At about the same time, a similar dispute was playing out in Pennsylvania:

Coventry Township, April 4, 1777.

Whereas Barbara Arnsdorff doth still continue in her wicked ways, and has of late acted very dirty actions; I think it proper to forewarn the public, a second time, from lending or trusting the said Barbara any thing on my account, as I am determined never to pay any debts of her contracting. John Arnsdorff.[9]

Coventry township, Chester county, April 16, 1777.

Thirty Pounds Reward. Run away from his wife and family of small children, in the night of the 9th inst. John Ornduff, a country born Dutchman, talks good English, wore his uniform brown coat, faced with blue, a knot on his shoulder, white jacket and breeches, about 5 feet 7 or 8 inches high, fresh complexion, light brown curled hair, took a girl with him named Hannah Mucklewee; it is thought they will try to pass for man and wife; they were seen in Lancaster the day after they ran off, on their way over Susquehanna; they took a half silk gown from his wife, and a new chintz ditto, a lawn apron and handkerchief, a white silk bonnet; he rode a young black mare, and the girl a grey mare, with a new hunting saddle with silver gilt round the edge. Whoever takes up and confines them in any goal, so that they may be brought to justice, shall have the above reward, and reasonable charges, and if the man only, Twenty seven Pounds, and charges, paid by Barbara Ornduff.[10]

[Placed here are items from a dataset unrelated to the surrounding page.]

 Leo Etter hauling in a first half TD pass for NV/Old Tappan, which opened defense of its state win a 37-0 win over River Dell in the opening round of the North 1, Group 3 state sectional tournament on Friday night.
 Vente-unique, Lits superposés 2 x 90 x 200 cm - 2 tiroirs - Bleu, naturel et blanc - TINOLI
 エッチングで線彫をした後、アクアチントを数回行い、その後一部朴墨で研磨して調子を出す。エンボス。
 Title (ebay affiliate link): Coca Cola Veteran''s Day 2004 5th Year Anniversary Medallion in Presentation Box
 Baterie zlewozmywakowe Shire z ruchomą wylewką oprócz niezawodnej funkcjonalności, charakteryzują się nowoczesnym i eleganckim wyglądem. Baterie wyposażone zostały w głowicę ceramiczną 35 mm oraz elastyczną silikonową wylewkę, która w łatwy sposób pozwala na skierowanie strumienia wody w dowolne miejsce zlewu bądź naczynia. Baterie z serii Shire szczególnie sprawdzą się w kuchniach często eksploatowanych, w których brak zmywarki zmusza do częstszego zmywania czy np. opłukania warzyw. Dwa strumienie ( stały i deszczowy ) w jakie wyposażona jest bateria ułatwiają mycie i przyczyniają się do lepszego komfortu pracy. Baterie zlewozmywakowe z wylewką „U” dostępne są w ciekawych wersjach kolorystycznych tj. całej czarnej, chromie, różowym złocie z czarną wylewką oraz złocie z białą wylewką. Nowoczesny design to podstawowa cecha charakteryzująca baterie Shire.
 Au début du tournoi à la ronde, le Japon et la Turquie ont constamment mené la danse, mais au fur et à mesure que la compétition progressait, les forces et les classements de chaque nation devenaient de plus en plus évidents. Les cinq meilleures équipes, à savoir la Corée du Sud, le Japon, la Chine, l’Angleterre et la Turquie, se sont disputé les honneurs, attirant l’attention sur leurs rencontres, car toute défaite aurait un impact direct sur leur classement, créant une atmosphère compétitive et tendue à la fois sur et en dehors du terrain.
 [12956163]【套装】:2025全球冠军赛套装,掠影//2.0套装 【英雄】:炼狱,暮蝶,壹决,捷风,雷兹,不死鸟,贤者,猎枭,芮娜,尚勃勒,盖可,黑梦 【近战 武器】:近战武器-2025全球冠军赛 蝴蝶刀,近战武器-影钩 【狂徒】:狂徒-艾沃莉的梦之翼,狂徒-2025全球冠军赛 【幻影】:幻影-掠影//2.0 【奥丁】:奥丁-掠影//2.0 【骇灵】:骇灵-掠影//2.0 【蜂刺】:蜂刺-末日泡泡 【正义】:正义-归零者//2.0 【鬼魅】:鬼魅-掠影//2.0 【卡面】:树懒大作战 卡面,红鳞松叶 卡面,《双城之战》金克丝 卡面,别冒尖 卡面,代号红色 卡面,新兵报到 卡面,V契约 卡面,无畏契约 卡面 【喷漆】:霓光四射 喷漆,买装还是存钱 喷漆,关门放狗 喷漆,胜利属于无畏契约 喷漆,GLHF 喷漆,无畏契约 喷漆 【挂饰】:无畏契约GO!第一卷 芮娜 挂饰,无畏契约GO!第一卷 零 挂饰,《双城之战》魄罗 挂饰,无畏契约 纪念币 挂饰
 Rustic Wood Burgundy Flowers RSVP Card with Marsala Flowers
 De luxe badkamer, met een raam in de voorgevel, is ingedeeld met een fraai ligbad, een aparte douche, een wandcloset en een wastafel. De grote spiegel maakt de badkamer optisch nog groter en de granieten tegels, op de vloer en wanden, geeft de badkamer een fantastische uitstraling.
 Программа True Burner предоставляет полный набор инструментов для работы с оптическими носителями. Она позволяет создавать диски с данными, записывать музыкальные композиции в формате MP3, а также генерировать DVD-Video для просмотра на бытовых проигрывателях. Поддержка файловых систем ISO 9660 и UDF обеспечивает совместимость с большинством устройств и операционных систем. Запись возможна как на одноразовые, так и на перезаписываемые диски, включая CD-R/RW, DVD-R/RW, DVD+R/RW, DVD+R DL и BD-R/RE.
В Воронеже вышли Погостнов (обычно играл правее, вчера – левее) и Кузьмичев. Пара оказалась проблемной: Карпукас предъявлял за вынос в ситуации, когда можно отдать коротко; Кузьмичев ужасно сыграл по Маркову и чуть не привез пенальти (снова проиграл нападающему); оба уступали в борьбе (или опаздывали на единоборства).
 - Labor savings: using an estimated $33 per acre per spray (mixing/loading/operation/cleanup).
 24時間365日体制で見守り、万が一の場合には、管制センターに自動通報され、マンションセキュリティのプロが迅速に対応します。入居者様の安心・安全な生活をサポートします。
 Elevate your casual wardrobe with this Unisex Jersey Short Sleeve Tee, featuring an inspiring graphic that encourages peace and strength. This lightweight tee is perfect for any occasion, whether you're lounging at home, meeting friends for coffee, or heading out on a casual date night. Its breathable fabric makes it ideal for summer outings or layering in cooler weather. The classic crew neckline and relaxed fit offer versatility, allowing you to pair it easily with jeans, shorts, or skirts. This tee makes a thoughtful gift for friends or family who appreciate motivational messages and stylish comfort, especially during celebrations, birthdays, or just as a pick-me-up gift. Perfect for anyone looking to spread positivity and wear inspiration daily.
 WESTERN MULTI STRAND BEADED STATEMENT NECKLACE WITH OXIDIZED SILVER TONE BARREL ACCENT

Four years later, yet another set of dueling ads in the same newspaper:

Whereas my Wife, Ann Robeson, hath absconded my bed and board, without any cause; therefore this is to forewarn all persons from trusting of her on my account, as I shall pay no debts of her contracting after the day of the date hereof, as witness my hand. Thomas Robeson. Lower Merion, March 5, 1781.[11]

Lower Merion, March 9, 1781.

Whereas my husband, Thomas Robinson, hath, in Messieurs Hall and Sellers Gazette of March 7th, adver­tised me as having eloped without any cause, &c. Now the truth of the matter is, I never eloped nor absented from him, unless I stayed at my father’s house, and that but seldom, on account of the abuse and ill treatment I received from him when he was drunk, at which times he beat and otherwise cruelly terrified a little bound servant girl, and forced her to tell him evil reports of me, which are all false and groundless; and now he is gone from his home and left me with five small children, two of which (twins) I now suckle, in a desolate forlorn condition, and since he hath been gone his father hath inventoried all the few houshold goods we had, by virtue of a power of Attorney, under a sham pretence of debt, who says he will make sale thereof and pay himself. Thus I have given the public a brief account of the matter, and submit to their impartial judgment whether I, who am still at home, or my husband, who hath absconded, be the runaway.

 Ann Robinson.[12]

How interesting would it be to have more information about these unhappy couples.


[1] Newport Mercury, November 1, 1773.

[2] The Providence Gazette, May 4, 1782.

[3] The Pennsylvania Journal, June 18, 1777.

[4] The Pennsylvania Gazette, May 1, 1776.

[5] The Providence Gazette, April 23, 1778.

[6] The Providence Gazette, August 6, 1778.

[7] Connecticut Courant, March 24, 1777.

[8] Connecticut Courant, May 12, 1777.

[9] The Pennsylvania Gazette, April 10, 1777.

[10] The Pennsylvania Gazette, April 24, 1777.

[11] The Pennsylvania Gazette, March 7, 1781.

[12] The Pennsylvania Gazette, March 14, 1781


  • After reading these “he said, she said” stories, it seems as if Jerry Springer-like tales have always played out in the mass media of the time. In that aspect, some things never change. Thanks for shining light on that angle, Don!

  • Don, I too enjoyed this piece. I had noticed several of these “public notices” while rooting around in some of the newspapers of the era looking for other information. Never thought of exploring these though. Neat topic! Some of your examples certainly point to the kind of strains brought on by wartime, then and now.

  • Indeed you are correct that “the phrase ‘absented herself from my bed and board’ (or some variation thereof) apparently carried some legal weight.” The phrase “Bed and Board” was during this period part of the marriage vows of the Church of England and legally was what is called “a term of art.”